11 July 2019 David Cook

IHS Markit (Nasdaq: INFO) is pleased to provide its comments regarding the European Central Bank (ECB) consultation paper (CP) on a potential mechanism for issuance and initial distribution of debt securities in the EU; European Distribution of Debt Instruments (EDDI). We are responding as a solutions provider of comprehensive product suite that facilitates the execution of primary market transactions - from origination to settlement work flows - allowing efficient collaboration between issuers, banks and investors.[1]

Introduction

IHS Markit is a world leader in critical information, analytics and solutions for the major industries and markets that drive economies worldwide. The company delivers next-generation information, analytics and solutions to customers in business, finance and government, improving their operational efficiency and providing deep insights that lead to well-informed, confident decisions. IHS Markit has more than 50,000 key business and government customers, including 80 percent of the Fortune Global 500 and the world's leading financial institutions.

IHS Markit, which acquired IPREO in 2018, provides a number of services to global debt capital markets, particularly in pre-issuance markets that offer significant benefits to the market in terms of standardisation and efficiency. For example, IssueNet is a pre-issuance platform that services over 180 banks. It allows banks to price deals sooner, removes risk from the issuance process and has also implemented many innovations that have benefitted the industry such as unified bookbuilding and standard deal terms.[2]

Summary

IHS Markit supports moves to improve debt capital markets in the EU. There is scope for development in the EU market for debt securities as can be seen in the way that funding of European business is skewed heavily towards loans rather than debt, in contrast to some other economies like the United States of America. A more diversified funding market would undoubtedly benefit the European economy. IHS Markit has also been a supporter of the EU Capital Market Union initiative, engaging actively with the European Commission on a number of related issues.

While we support the initiative to improve debt markets in Europe, it is important that the ECB fully understands and builds on global harmonisation that has taken place over the last 15 years, particularly in pre-issuance. Therefore, our main messages to the ECB are that:

  1. IHS Markit would generally support initiatives to promote harmonisation and efficiency in the debt capital market;
  2. the ECB should be fully cognisant of how the global market has developed harmonisation over recent years (particularly in pre-issuance) and understands the role of existing global platforms; and
  3. any action taken by the authorities in debt markets should ensure existing harmonisation is not unwound or fragmentation reintroduced by adopting European approaches out of line with existing global markets.

IHS Markit would be very happy to share with the ECB our experience and expertise of operating a pre-issuance platform in debt markets, something that, we believe, would be useful to the development of this policy area.

Answers to CP Questions

Q1.Please provide your views on the description of the European ecosystem for the issuance of debt instruments, in particular as regards whether you deem other actors, elements or processes relevant to complete the picture.

Although we agree broadly with the description provided in the CP, we believe it is worth providing a further explanation of the role played by IHS Markit.

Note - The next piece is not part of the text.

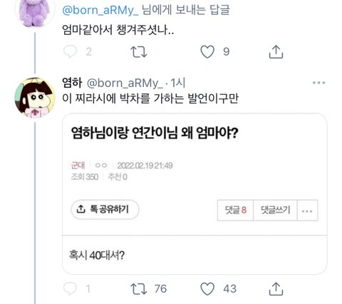 우리가 넴드분들한테 엄마라고 칭하니까 염하님 40대냐고 물어보는 글 올라왔었는데 그거 알고 계셨나봨ㅋㅋㅋㅋㅋㅋ

IHS Markit provides pre-issuance platforms as represented in Chart 1 of the CP.[3] Its IssueBook and IssueNet products combine to provide a pre-issuance platform which is used to run the vast majority of all primary market issues globally, including in the European Union. There are over 180 banks involved in the primary market and they all use the platform to run their primary issues for a broad range of issuers (including SSA, Corporate, FIG). IssueBook and IssueNet have played a significant role in the primary market for over 15 years and, in that time, have promoted the adoption of standards that have created greater homogeneity across the global market.

Q2a.Do you think that there is a structural issue in the current debt issuance and distribution in the EU, seen from the perspective of a single capital market? If so, what is your view regarding the underlying causes of this structural issue?

One example of a structural issue would be the process of assigning security identifiers. Delays in obtaining a security identifier for new issues slows down the transition from primary to secondary markets and therefore the speed with which trading can begin in the secondary market.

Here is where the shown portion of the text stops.